The FECA already prohibits foreign nationals from making contributions and expenditures in connection with U.S. elections.[20] This prohibition is broad and covers contributions that are made “directly or indirectly,” such as routing money to a super PAC through a Section 501(c) nonprofit organization.[21] Section 501(c) organizations are also prohibited from soliciting, accepting, or receiving a contribution from a foreign national to influence U.S. elections.[22]

Additionally, the FECA prohibits contributions from being made “in the name of another person.”[23] As the U.S. Department of Justice explains,[24] “violations occur when a person gives money to straw donors, or conduits, for the purpose of having the conduits pass the funds on to a specific federal candidate [or PAC] as their own contributions.”[25] Routing a foreign national’s political contribution through a Section 501(c) organization would further violate the FECA’s ban on contributing in the name of another person.

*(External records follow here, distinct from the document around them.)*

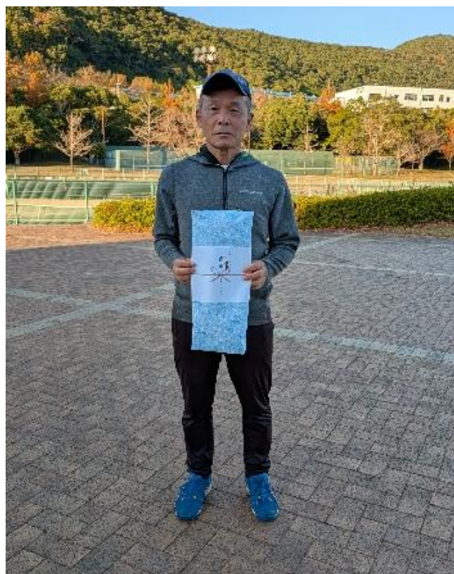
シングルス男子 55 優勝
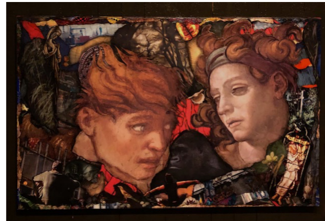
Who is that monkey between us? Collage 30 000 sek
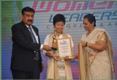
Chairperson received 'Outstanding Women Leadership Achievement Award'
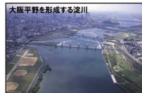
大阪平野を形成する淀川
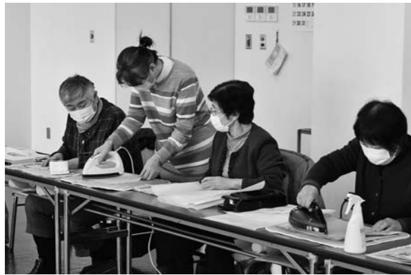
▲天然のラップ作りを体験する役員たち

村山地区女性部の役員と事務局の合同会議が1月19日に本店会議室で開かれ、役員15人が出席しました。会議では、総代会の日程について話し合わせ、3月4日に実施することに決まりました。終了後には、「SDGsと女性部活動」(仮称)をテーマに講演会を予定することを確認しました。
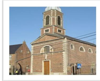
Saint Martin Opheylissem
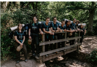
La promotion de juillet

Les stages de juin et juillet ont chacun réuni un total de dix-huit volontaires, dont un tiers de filles, et se sont déroulés sur notre ferme à Mouazé
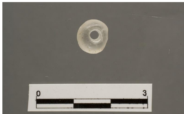
Figura 2. Cuenta de collar de cristal de roca de la tumba 111 de Fuente Álamo (Cuevas de Almanzora, Almería).

Durante el II milenio ANE volvemos a contar con varios ejemplares, asimismo excepcionales en cuanto a rareza, de cuentas de collar elaboradas sobre cristal de roca, si bien localizadas esta vez en el sureste, en el ámbito argárico, al que habría que añadir una cuenta esférica de cuarzo lechoso del enterramiento 1 de Lomas del Alcázar (Úbeda, Jaén) (Ruiz Fuentes et al. , 1998: 304). Siret describe en las tumbas 55, 292, 454 y 636 de El Argar una cuenta “de piedra blanca transparente” en cada una respectivamente (Siret y Siret, 1890). Aunque son coherentes con la tendencia observada, permanece la duda de considerar dicha descripción cristal de roca o un cuarzo blanco translúcido, como ha sido señalado (Costa Caramé et al. , 2011: 263), por lo que sólo incluimos en nuestro inventario la cuenta de la tumba 454 por tener un paralelo sólido en la sepultura 111 de Fuente Álamo, en la cual también hay algunas cuentas más de cuarzo (Pozo et al. , 2002; Schubart et al. , 2006).
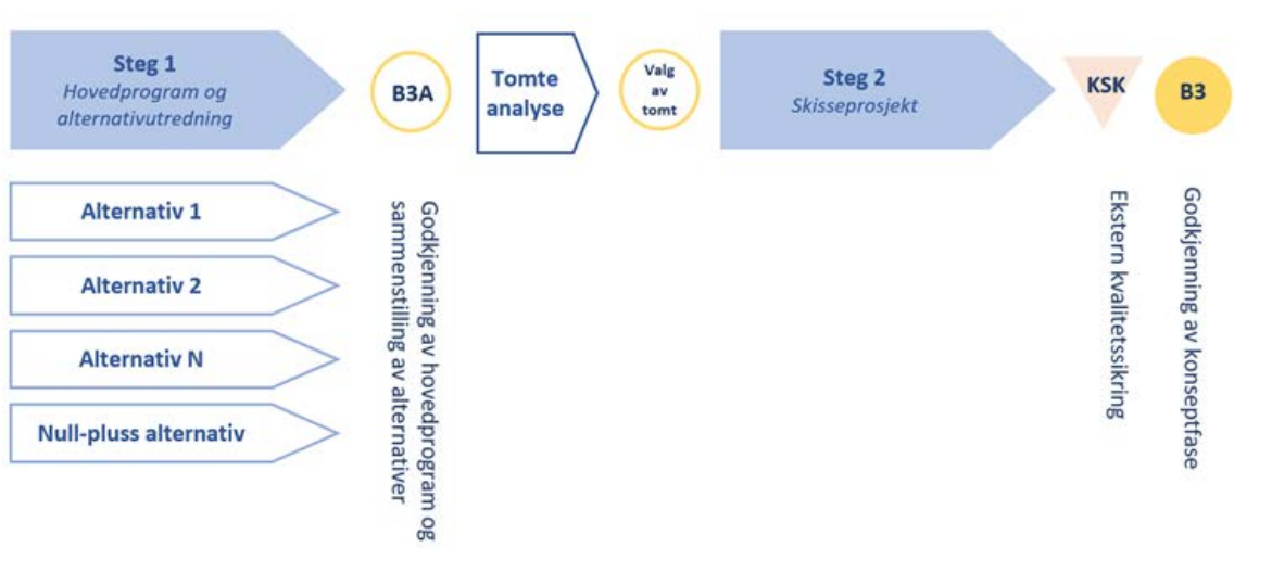
Figur 1: Prosjektmodell konseptfasen

Gjennomføring av konseptfasen er illustrert i figuren under.
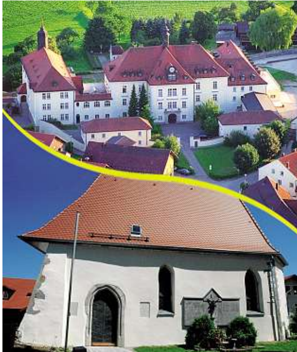
Kloster der Zisterzienserinnen-Abtei St. Josef (oben) Leonhardikapelle Kellberg (unten)
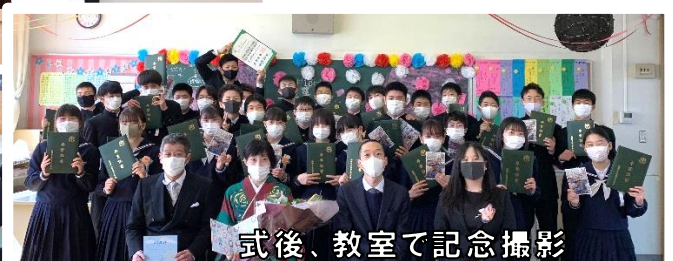
式後、教室で記念撮影
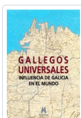
GALLEGOS UNIVERSALES VV.AA.: ALFONSO EIRE (COORD.)
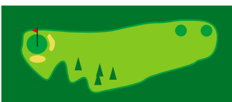
Trous 4 & 13
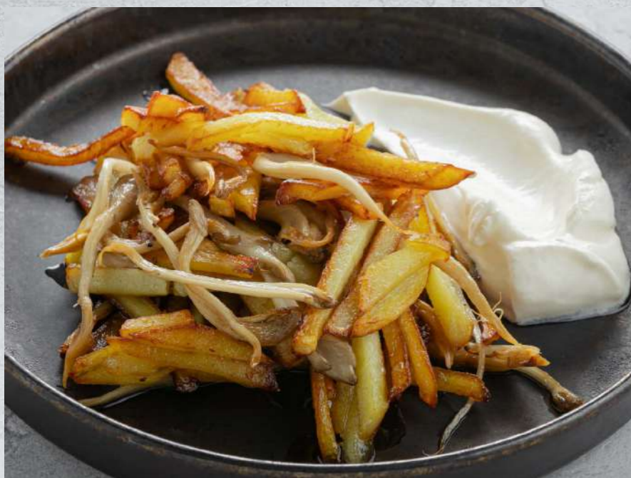
КАРТОФЕЛЬ ЖАРЕНый С ГРИБАМИ
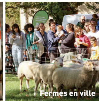
Fermes en ville
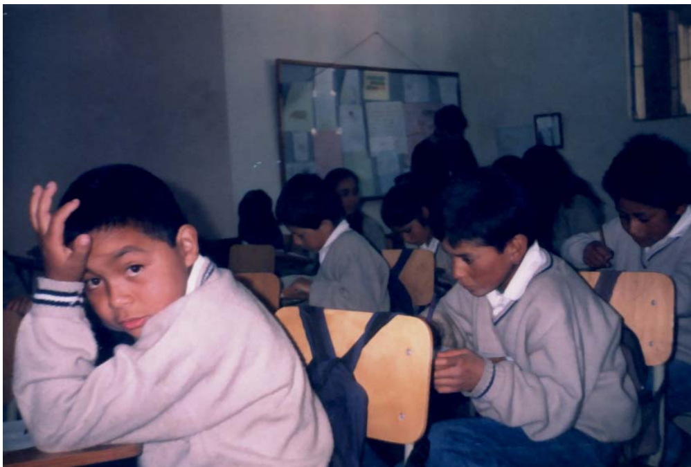
Fig. No. 3. DESARROLLO CUESTIONARIO POST-TEST

Para entender los resultados obtenidos en la aplicación del post-test se aplicó el mismo método de análisis estadístico del pre-test, cuyos resultados se expresan teniendo en cuenta la variable dependiente, resultados de las pruebas pre-test - post-test.
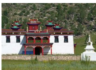
Khar zurkhni khukh lake 📍
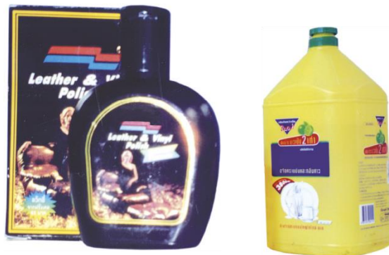
น้ำยาขัดหนัง น้ำยาล้างจาน

In short, the FECA already includes a regulatory scheme to address foreign nationals making contributions to affect U.S. elections, whether directly or indirectly. There is no reason to enmesh the IRS in this issue any more than there is reason to entangle the IRS with any other political activity issues.

The dangers of biased and selective enforcement loom large as well. Given the partisan animations frequently underlying disclosure campaigns, is it a stretch to envision enforcement of such laws occurring on an uneven basis, heavily dependent on the whims of the party in power? Would reproductive rights activists be comforted by enforcement of such laws under a conservative administration? Are pro-life advocates likely to be treated fairly by a liberal administration empowered to assess the veracity of nonprofit filings about an organization’s sources of foreign support?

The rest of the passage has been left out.